Woo Hoo. I'm somebody!


----------



## Ankh-Morpork Guard (Nov 12, 2003)

guedo79 said:
			
		

> Woo Hoo. I'm somebody!



 Somebody surrounded by a bunch of...8th dimension people...woooah. You're famous!!!!


----------



## guedo79 (Nov 12, 2003)

3, 4, 5, 8. I'll take fame on any dimension. except for those dirty 12th dimensioners.


----------



## blackshirt5 (Nov 12, 2003)

alsih2o said:
			
		

> watch your tongue! i am a highly trained artisan serf.




Wouldn't you be an artisan _smurf_, Clay?


----------



## KidCthulhu (Nov 12, 2003)

I don't believe there's any need for competition here, ladies.  The Lady of Acquitane is looking for her husband, Henry Plantaginet, the second of that name.  The rest of you Annes and Catherines are looking for Henry, the eighth of that name, of the *cough* house of Tudor.  And apparently there was more than enough of the that monarch to go around.

I'm with Eleanor.  Give me a Plantaginet over the son of a jumped up draper bastard any day.  [Kidc backs up to watch the historical catfight.  Places $10 on Eleanor of Acquitaine to kick Anne B's scrawny a**.]


----------



## Edmund (Nov 12, 2003)

Baldrick, I told you not to go west through Westminster! Lord knows where you've stranded us this time!!


----------



## Hunting Buddy (Nov 12, 2003)

KidCthulhu said:
			
		

> And apparently there was more than enough of the that monarch to go around.

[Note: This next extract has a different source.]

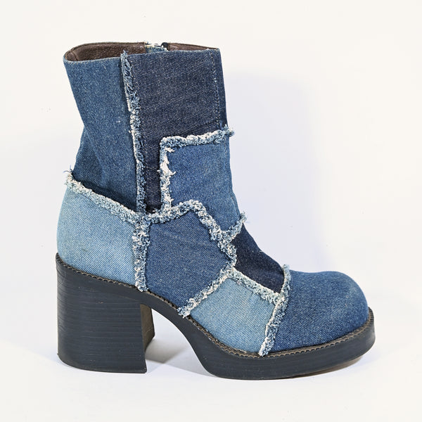 SOLD 90s Rampage Denim Patchwork Ankle Boots, AS-IS Size 8.5

 BOW CHICKA BOW BOW, CHICKA BOW BOW. "Whoa baby! whoa baby!" BOW CHICKA BOW BOW, CHICKA BOW BOW~


----------



## LightPhoenix (Nov 12, 2003)

Hunting Buddy said:
			
		

> BOW CHICKA BOW BOW, CHICKA BOW BOW. "Whoa baby! whoa baby!" BOW CHICKA BOW BOW, CHICKA BOW BOW~



No no no, 'f done it wrong.  Like zees:

"BOW CHICKA WAH WAAAAH, BOW CHICKA WAH WAH CHICKA WOOoooOOOW"


----------



## Harlock (Nov 12, 2003)

KidCthulhu said:
			
		

> I don't believe there's any need for competition here, ladies.  The Lady of Acquitane is looking for her husband, Henry Plantaginet, the second of that name.  The rest of you Annes and Catherines are looking for Henry, the eighth of that name, of the *cough* house of Tudor.  And apparently there was more than enough of the that monarch to go around.
> 
> I'm with Eleanor.  Give me a Plantaginet over the son of a jumped up draper bastard any day.  [Kidc backs up to watch the historical catfight.  Places $10 on Eleanor of Acquitaine to kick Anne B's scrawny a**.]




LOL!  Only on ENWorld can one find the detailed knowledge of a history lecture wrapped up within the violence and soap opera drama of the WWE.


----------



## reapersaurus (Nov 12, 2003)

wow.
ALT-ID's.
I thought those were exterminated in the great ENWorld Land-Shake of old?


----------